### Task instructions
Print exactly the lines from the one that contains "After an extensive" through the last line of the material, both included, and leave out all pictures.

### Raw data
────────────────────────────────────────

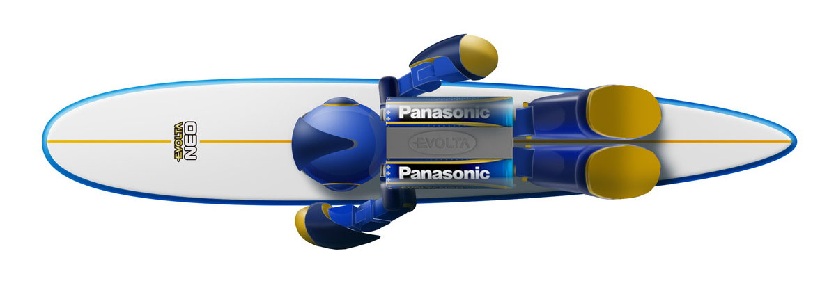 今回のチャレンジにあたり各所を防水処理されたエボルタNEOくん。手でひょいっと持てるほど小さい身長約17cmのロボットが、長さ約35cmのボードに乗り、腕を回して水をかきながら進んでいきます。動力はもちろん単3形エボルタNEOが2本だけ。
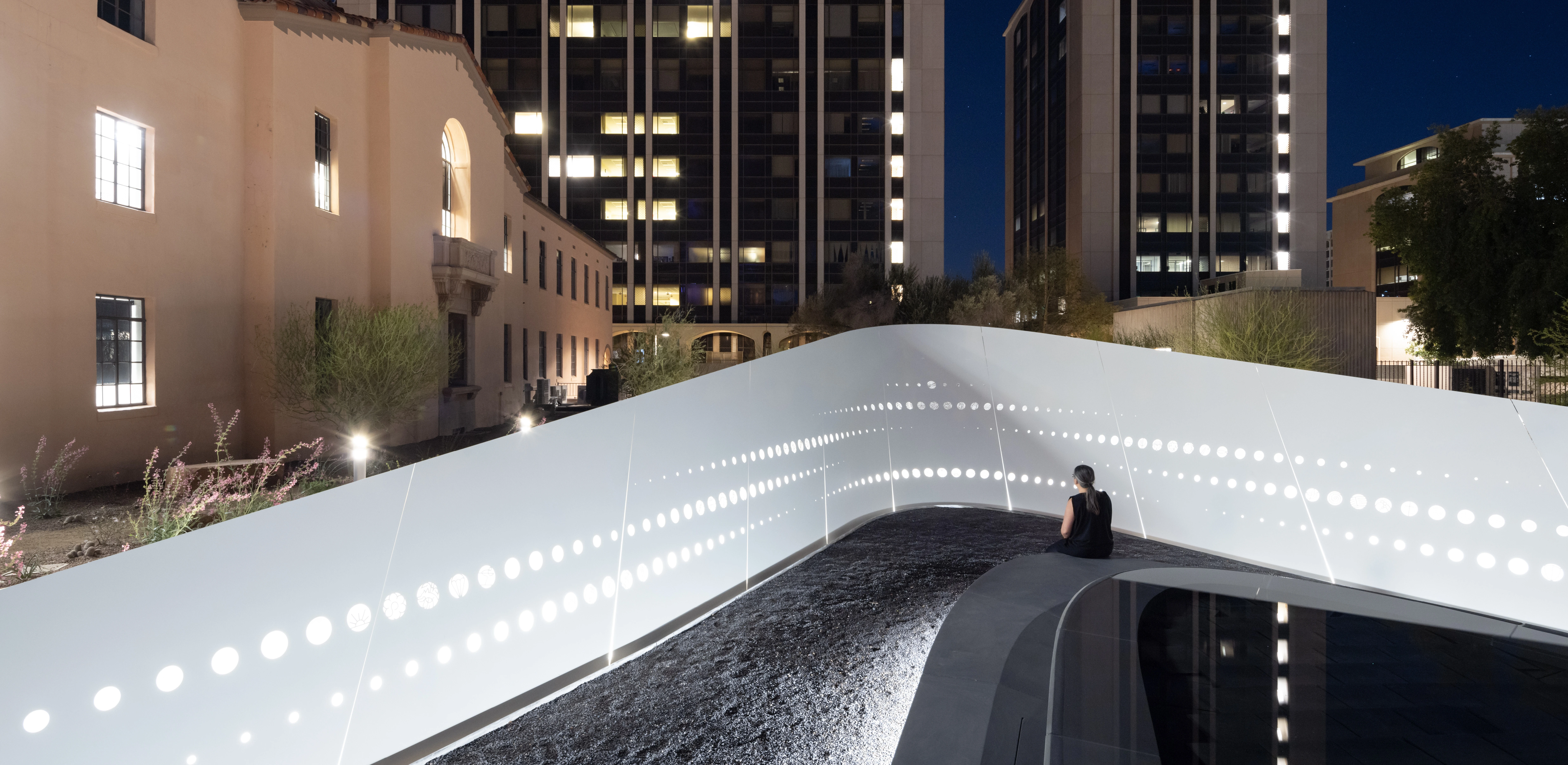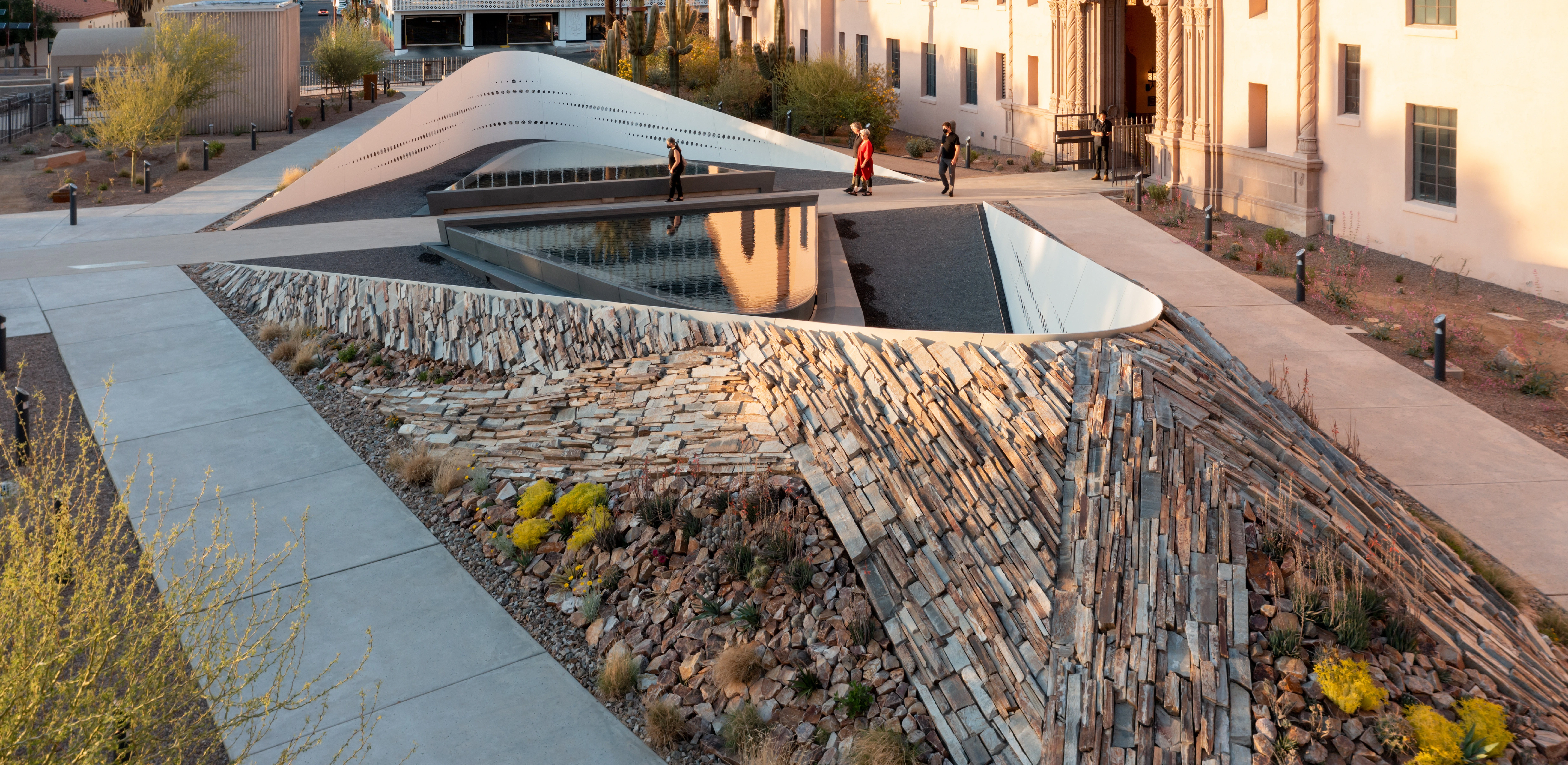 After an extensive planning process including four months of community input, a memorial was created with two large sharply curving forms “embracing,” symbolizing hope for the future. A Living Wall was constructed with a woven pattern of local quartzite stone and Sonoran plants. A 500-seat amphitheater, a café, and a Monument Sculpture Garden help activate the space. The jury praised the remarkable depth in layers of meaning across three overlapping spaces, each with distinctive geometries.
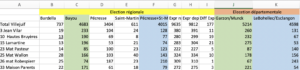 Le résultat est spectaculaire ! Le Bohellec (colonne K) n’atteint qu’épisodiquement le score des partis censés le soutenir (col. F) . Au contraire, P. Garzon et Flore Munck recueillent, au-delà de la liste Bayou, le suffrage de personnes votant au même moment macroniste ou lepeniste.

────────────────────────────────────────

### Task result
 After an extensive planning process including four months of community input, a memorial was created with two large sharply curving forms “embracing,” symbolizing hope for the future. A Living Wall was constructed with a woven pattern of local quartzite stone and Sonoran plants. A 500-seat amphitheater, a café, and a Monument Sculpture Garden help activate the space. The jury praised the remarkable depth in layers of meaning across three overlapping spaces, each with distinctive geometries.
 Le résultat est spectaculaire ! Le Bohellec (colonne K) n’atteint qu’épisodiquement le score des partis censés le soutenir (col. F) . Au contraire, P. Garzon et Flore Munck recueillent, au-delà de la liste Bayou, le suffrage de personnes votant au même moment macroniste ou lepeniste.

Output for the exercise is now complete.